A fourth criterion is not usually mentioned, perhaps because it is so obvious. Causal inferences cannot directly be made from empirical designs, irrespective of the research design that has been used to collect the data or the statistical techniques used to analyze the data. In non-experimental research, causal statements are based primarily on substantive hypotheses which the researcher develops about the world. Causal inference is theoretically driven; causal statements need a theoretical argument specifying how the variables affect each other in a particular setting across time (Blossfeld and Röhwer, 1997; Freeman, 1991). Thus, causal processes cannot be demonstrated directly from the data; the data can only present relevant empirical evidence serving as a link in a chain of reasoning about causal mechanisms.
The first two criteria (there is a statistically significant association between two variables, that is not accounted for by other variables) can in principle be tested using data from cross-sectional studies. Evidence relevant to the third criterion (cause precedes effect) can usually only be obtained using longitudinal data. Thus, one great advantage of longitudinal data over cross-sectional data would seem that the first provides information relevant to the temporal order of the designated ‘causal’ and ‘effect’ variables. Indeed, some authors (e.g., Baumrind, 1983) maintain that causal sequences cannot usually be established unambiguously without incorporating across-time measurement. However, there has been some debate whether the causal order of events is accurately reflected in their temporal order (Griffin, 1992): Is it really informative to know the order in which events occurred?
According to Marini and Singer (1988), causal priority may be established in the mind in a way that is not reflected in the temporal sequence of behavior. Willekens (1991) argued that present behavior may be determined by future events (or the anticipation of such events), rather than by these events themselves. For example, one common finding is that women tend to quit their job after the birth of their first child. These two events (leaving the labor market and having a baby) tend to coincide, with empirically occurring patterns in which childbirth both precedes and follows leaving the job. The first sequence would suggest that having a baby ‘produces’ a change of labor market status, whereas the second would imply that leaving the labor market leads to childbirth. However, it would seem that both events are the result of anticipations and decisions taken long before the occurrence of either. If this is correct, the temporal order of these events may not say much about their causal relation (Campbell, 1988).
The take-home message is that, although longitudinal data do provide information on the temporal order of events, it still may or may not be the case that there is a causal connection between these events. We still need to develop a more or less explicit theory that spells out the causal processes that produce empirically occurring patterns of events. A cautious investigator will consider these processes before the study is actually carried out – that is, in the design phase: a priori consideration of the possible relations among the study variables may lead them to conclude that other variables must be measured as well.

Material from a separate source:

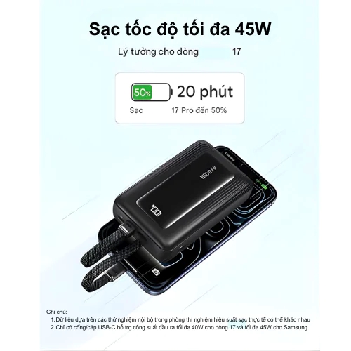USB-C (Input 20W/Output 30W), Lightning (27W), USB-A (22.5W), 2 cáp tích hợp

Designs for collecting longitudinal data

Any study can only be as good as its design. This obvious (albeit often neglected) point applies strongly to longitudinal research, as the design of a longitudinal study must usually be fixed long before the last wave of this study has been conducted. Errors in the design phase may be costly and difficult (if not impossible) to correct – it is awkward to find out afterwards that it would have been very convenient had variable X been measured at the first wave of the study, rather than only at its final wave.
At a more basic level, investigators must decide in advance about the number of waves of their study; whether it is really necessary to measure the variables of interest at different times for the same set of sampling units; and about the number of sampling units for which data should be collected (taking into account that sampling units have the sad tendency to drop out of the study, see Chapter 2). Below I describe seven basic design strategies, all of which are frequently employed in practice (Kessler and Greenberg, 1981; Menard, 1991). Some of these are truly longitudinal, in that they involve multiple measurements from the same set of sampling units; others are not usually thought of as ‘longitudinal’ designs.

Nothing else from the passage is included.